----- RECORDS TO PROCESS

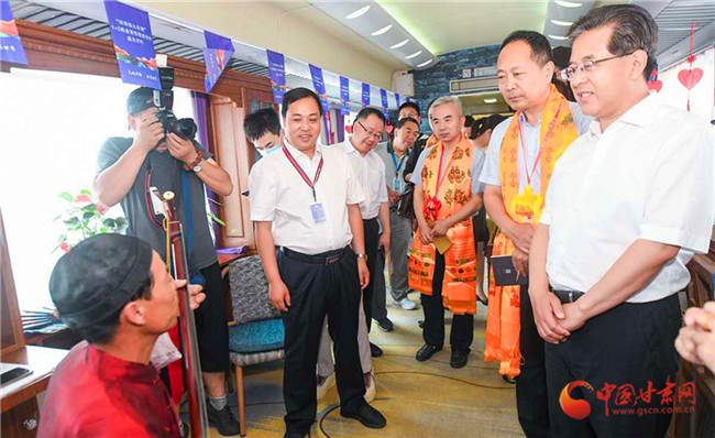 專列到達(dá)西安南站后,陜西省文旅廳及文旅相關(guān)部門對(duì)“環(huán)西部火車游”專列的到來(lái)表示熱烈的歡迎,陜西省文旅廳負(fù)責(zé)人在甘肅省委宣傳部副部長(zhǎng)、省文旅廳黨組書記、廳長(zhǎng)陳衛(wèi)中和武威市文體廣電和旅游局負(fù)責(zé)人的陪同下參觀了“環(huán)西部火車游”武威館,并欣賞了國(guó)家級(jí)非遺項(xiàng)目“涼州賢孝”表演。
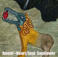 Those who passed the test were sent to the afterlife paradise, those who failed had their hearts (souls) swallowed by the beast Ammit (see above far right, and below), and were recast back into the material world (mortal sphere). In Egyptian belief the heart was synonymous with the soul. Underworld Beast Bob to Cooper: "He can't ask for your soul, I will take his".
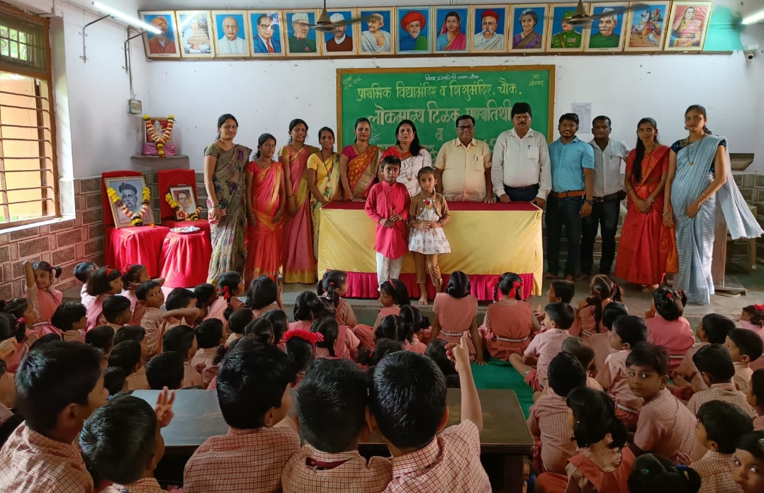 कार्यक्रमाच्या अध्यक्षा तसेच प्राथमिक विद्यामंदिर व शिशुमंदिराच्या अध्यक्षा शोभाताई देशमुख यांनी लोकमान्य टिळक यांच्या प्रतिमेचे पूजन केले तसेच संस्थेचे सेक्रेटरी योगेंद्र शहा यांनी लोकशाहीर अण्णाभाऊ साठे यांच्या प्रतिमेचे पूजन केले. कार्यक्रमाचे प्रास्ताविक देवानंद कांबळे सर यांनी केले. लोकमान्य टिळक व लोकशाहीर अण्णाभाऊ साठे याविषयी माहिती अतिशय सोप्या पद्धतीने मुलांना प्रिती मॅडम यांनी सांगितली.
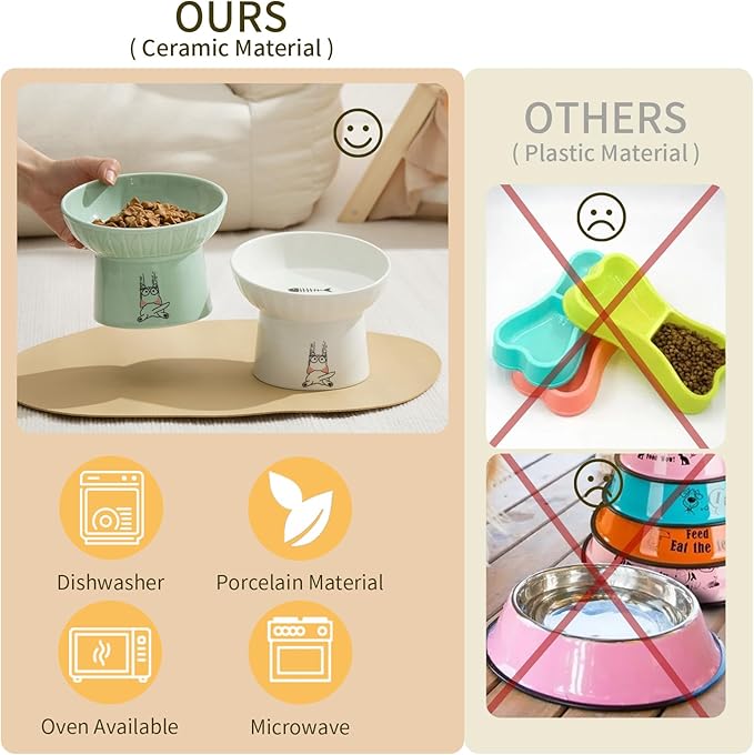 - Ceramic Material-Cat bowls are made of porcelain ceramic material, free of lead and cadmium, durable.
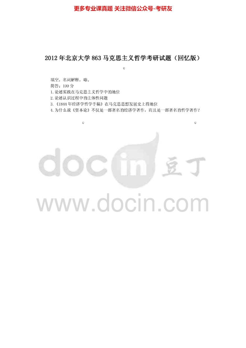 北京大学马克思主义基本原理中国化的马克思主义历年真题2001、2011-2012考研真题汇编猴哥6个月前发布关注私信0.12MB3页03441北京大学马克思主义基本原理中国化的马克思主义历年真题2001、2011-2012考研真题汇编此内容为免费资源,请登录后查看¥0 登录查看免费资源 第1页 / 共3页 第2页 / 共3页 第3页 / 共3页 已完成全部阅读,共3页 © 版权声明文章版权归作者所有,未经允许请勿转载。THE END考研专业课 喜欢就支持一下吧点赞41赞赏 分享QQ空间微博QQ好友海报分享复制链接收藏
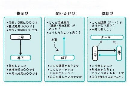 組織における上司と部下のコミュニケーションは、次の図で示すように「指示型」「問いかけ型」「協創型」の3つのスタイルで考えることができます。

----------
----- RECORDS TO PROCESS

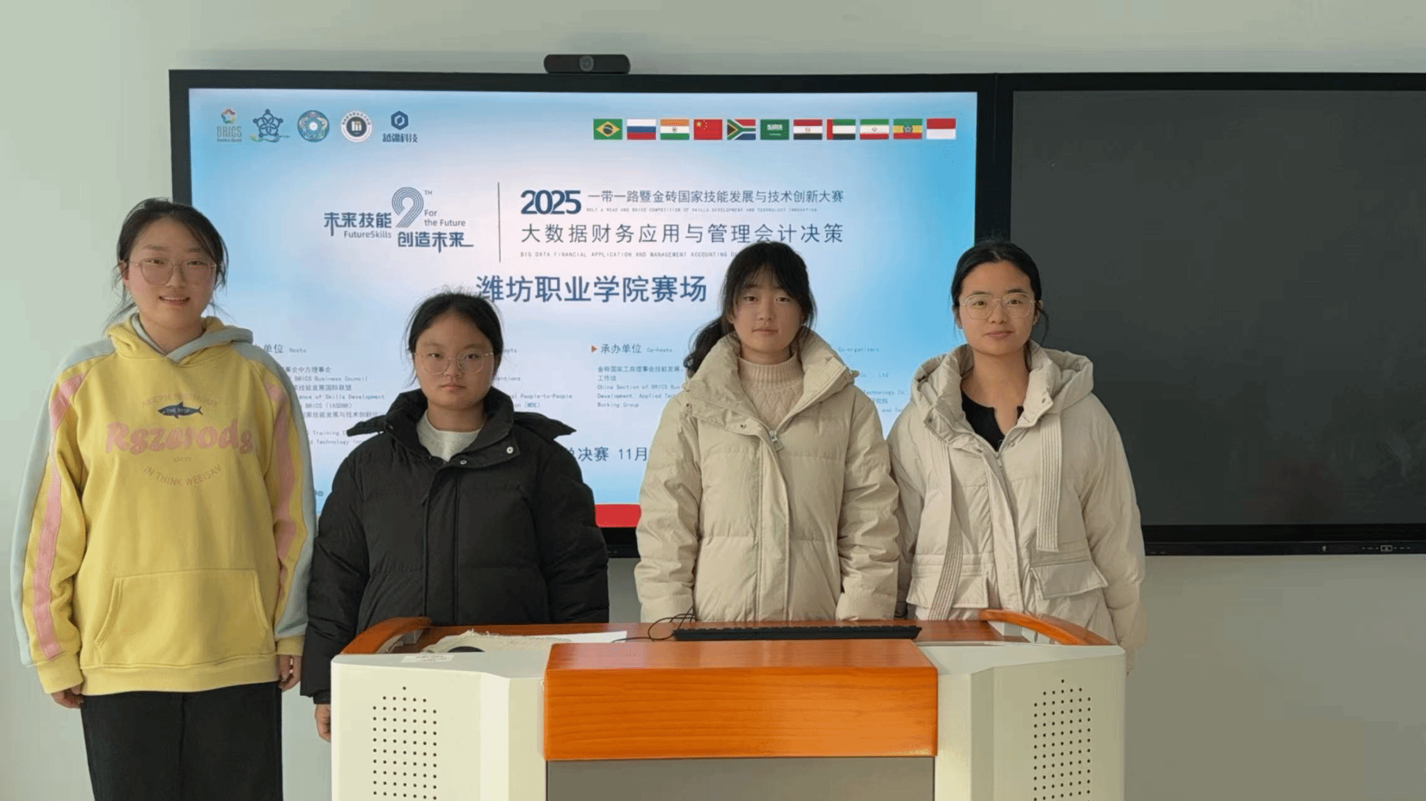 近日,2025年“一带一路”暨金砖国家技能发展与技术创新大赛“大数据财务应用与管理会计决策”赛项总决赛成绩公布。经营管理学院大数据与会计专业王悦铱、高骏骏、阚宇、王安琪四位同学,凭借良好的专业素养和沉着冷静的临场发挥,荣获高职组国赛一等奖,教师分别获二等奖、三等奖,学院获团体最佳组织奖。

----------
----- RECORDS TO PROCESS

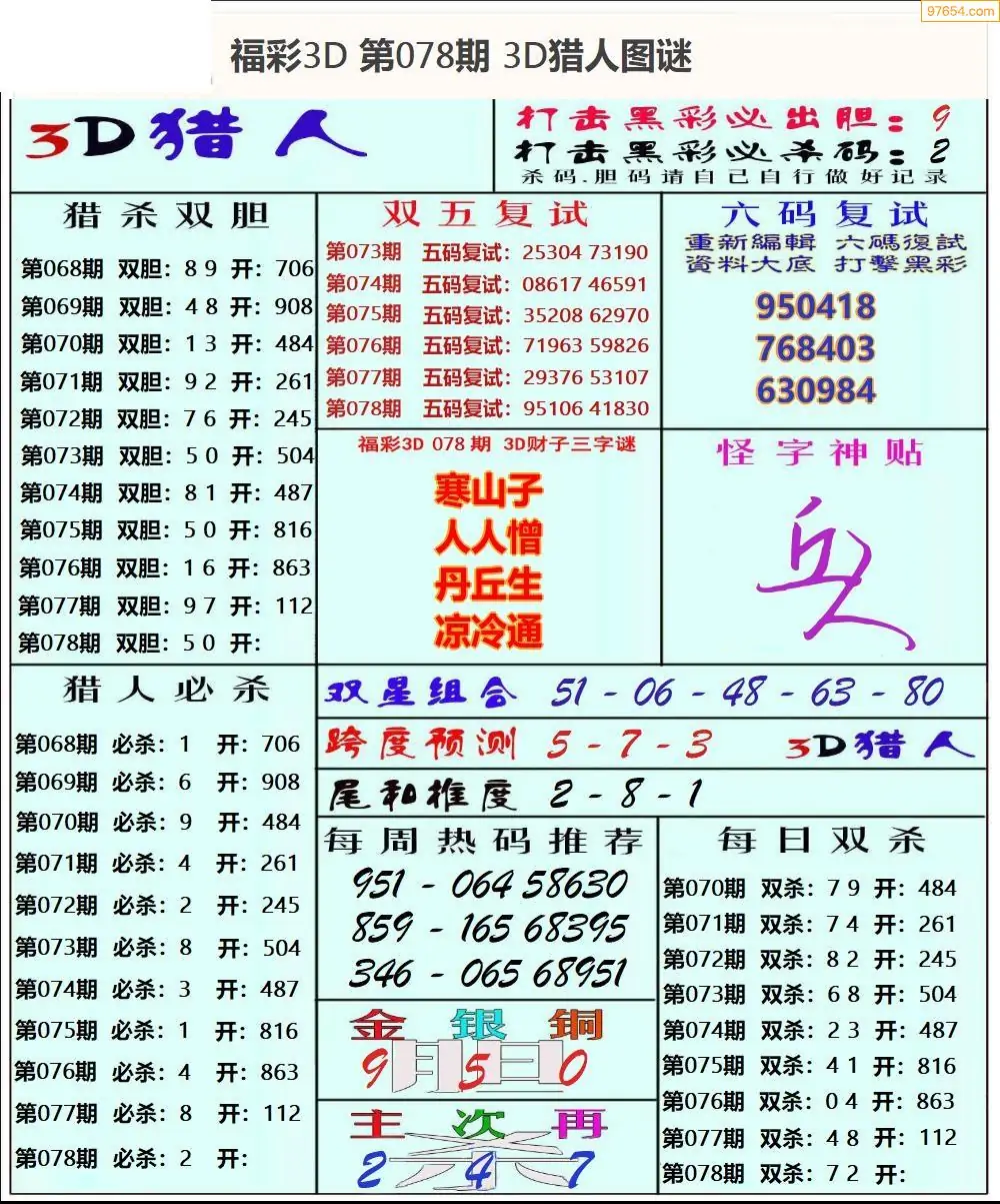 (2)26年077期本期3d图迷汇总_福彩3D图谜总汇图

----------

## TASK ITEM
From the line containing "- Ceramic Material-Cat" through the line containing "組織における上司と部下のコミ", copy every line above exactly, without pictures.

## PROBLEM SOLUTION
 - Ceramic Material-Cat bowls are made of porcelain ceramic material, free of lead and cadmium, durable.
 北京大学马克思主义基本原理中国化的马克思主义历年真题2001、2011-2012考研真题汇编猴哥6个月前发布关注私信0.12MB3页03441北京大学马克思主义基本原理中国化的马克思主义历年真题2001、2011-2012考研真题汇编此内容为免费资源,请登录后查看¥0 登录查看免费资源 第1页 / 共3页 第2页 / 共3页 第3页 / 共3页 已完成全部阅读,共3页 © 版权声明文章版权归作者所有,未经允许请勿转载。THE END考研专业课 喜欢就支持一下吧点赞41赞赏 分享QQ空间微博QQ好友海报分享复制链接收藏
 組織における上司と部下のコミュニケーションは、次の図で示すように「指示型」「問いかけ型」「協創型」の3つのスタイルで考えることができます。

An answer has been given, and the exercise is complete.